Commands: (Applying Tolerence to Node:)

To Apply the Taint on the Node

kubectl taint nodes node1 key1=value1:NoSchedule

To remove the taint from the node:

kubectl taint nodes node1 key1=value1:NoSchedule-

kubectl taint nodes node1 key1=value1:NoSchedule
kubectl taint nodes node1 key1=value1:NoExecute
kubectl taint nodes node1 key2=value2:NoSchedule

Applying Tolerence to Pod

apiVersion: v1
kind: Pod
metadata:
  name: nginx
  labels:
      env: test
spec:
  containers:
  - name: nginx
    image: nginx
    imagePullPolicy: IfNotPresent

# add tolerence to Pod
  tolerations:
  - key: "key1"
    operator: "Equal"
    value: "value1"
    effect: "NoSchedule"

  • Node selectors helps in scheduling the pod on specific node based on labels assigned to node and the pods
  • suppose we have Three nodes namely Large, Small with labels as size = large/small.
  • We can use this label information to schedule our pods accordingly.

Example :

apiVersion: v1
kind: Pod
metadata:
  name: nginx
  labels:
      env: test
spec:
  containers:
  - name: nginx
    image: nginx

# Apply node selector to run pod on node with size=large label on it
  nodeSelector:
    size: large

Commands

Add a label to a particular node

kubectl label nodes <node_name> key=value

Limitations

NodeSelector will not be able to help in complex senerios such as

  • size=large or size=small
  • size !=medium (not equal)

  • with the help of Node Affinity , you can control the scheduling of pods onto nodes more granularly using various criteria like
  • It is an extension of node selectors which allows you to specify more flexible rules about where to place your pods by specifying certain requirements.

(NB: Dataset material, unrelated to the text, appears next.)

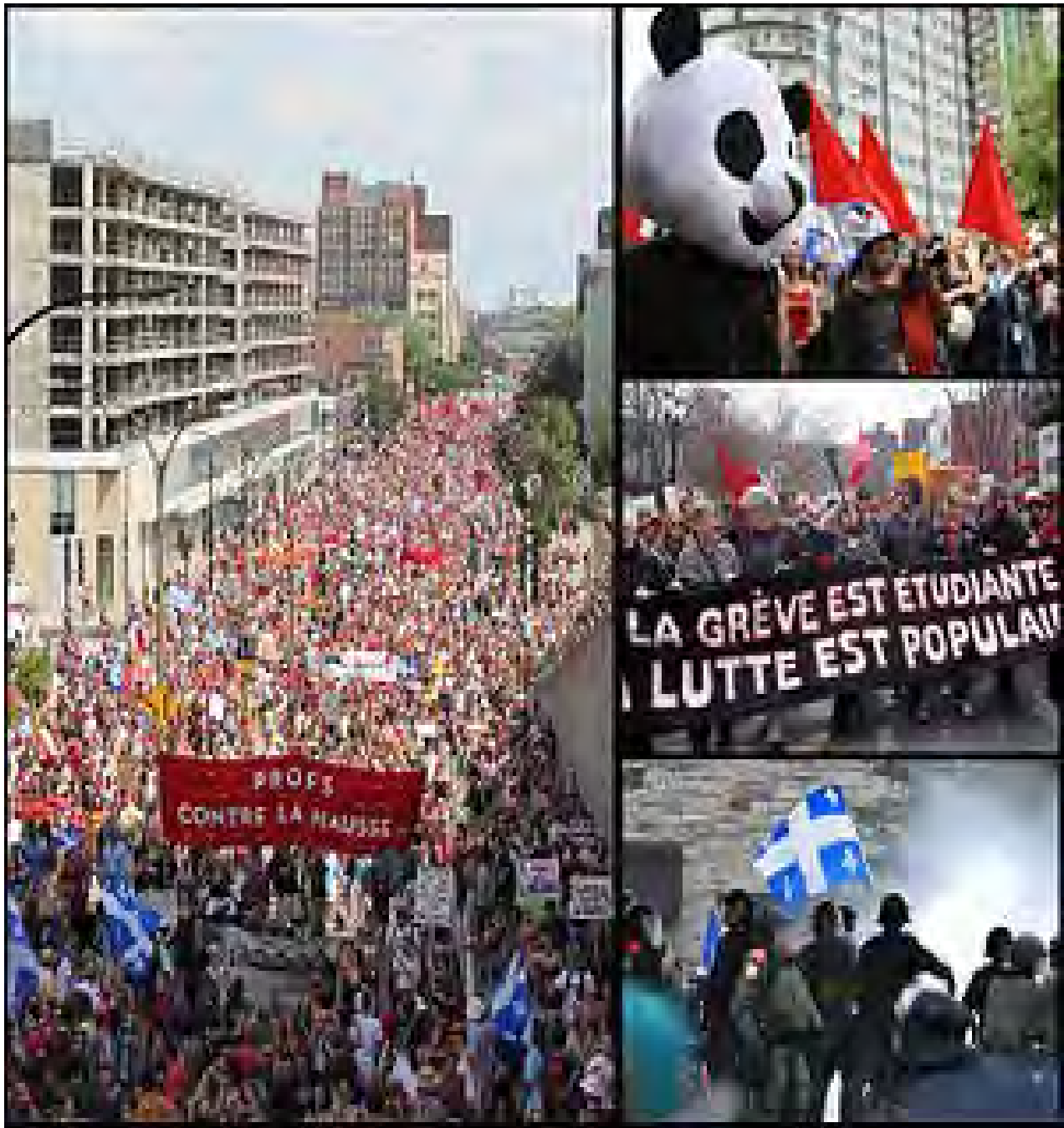
Québec Student Protests 2012

Example: This manifest describes a Pod that has a requiredDuringSchedulingIgnoredDuringExecution node affinity,size=large or size=small. This means that the pod will get scheduled only on a node that has a size=large or size=small

apiVersion: v1
kind: Pod
metadata:
  name: nginx
spec:
  affinity:
    nodeAffinity:
      requiredDuringSchedulingIgnoredDuringExecution:
        nodeSelectorTerms:
        - matchExpressions:
          - key: size
            operator: In
            values: # The Pod will scheduled on the nodes that have at least one of these value.
            - large
            - small
  containers:
  - name: nginx
    image: nginx
    imagePullPolicy: IfNotPresent

Node Affinity types

  1. requiredDuringSchedulingIgnoredDuringExecution
    • Pods with this affinity rule will only be scheduled on nodes that meet the specified requirements. However, if a node loses the label that made it eligible after the pod is scheduled, the pod will still continue to run on that node.
  2. PreferredDuringSchedulingIgnoredDuringExecution
    • Pods with this affinity rule will prefer to be scheduled on nodes that meet the specified requirements, but they are not strictly required to. If no nodes match the preferred requirements, the pod can still be scheduled on other nodes.
Syntax DuringScheduling DuringExecution
Type1 Required Ignored
Type2 preferred Ignored
Type3 Required Required

Taints and Tolerence & Node Affinity

  • You can use both taints and tolerations & Node affinity to granular control over the Pod scheduling on the specific nodes.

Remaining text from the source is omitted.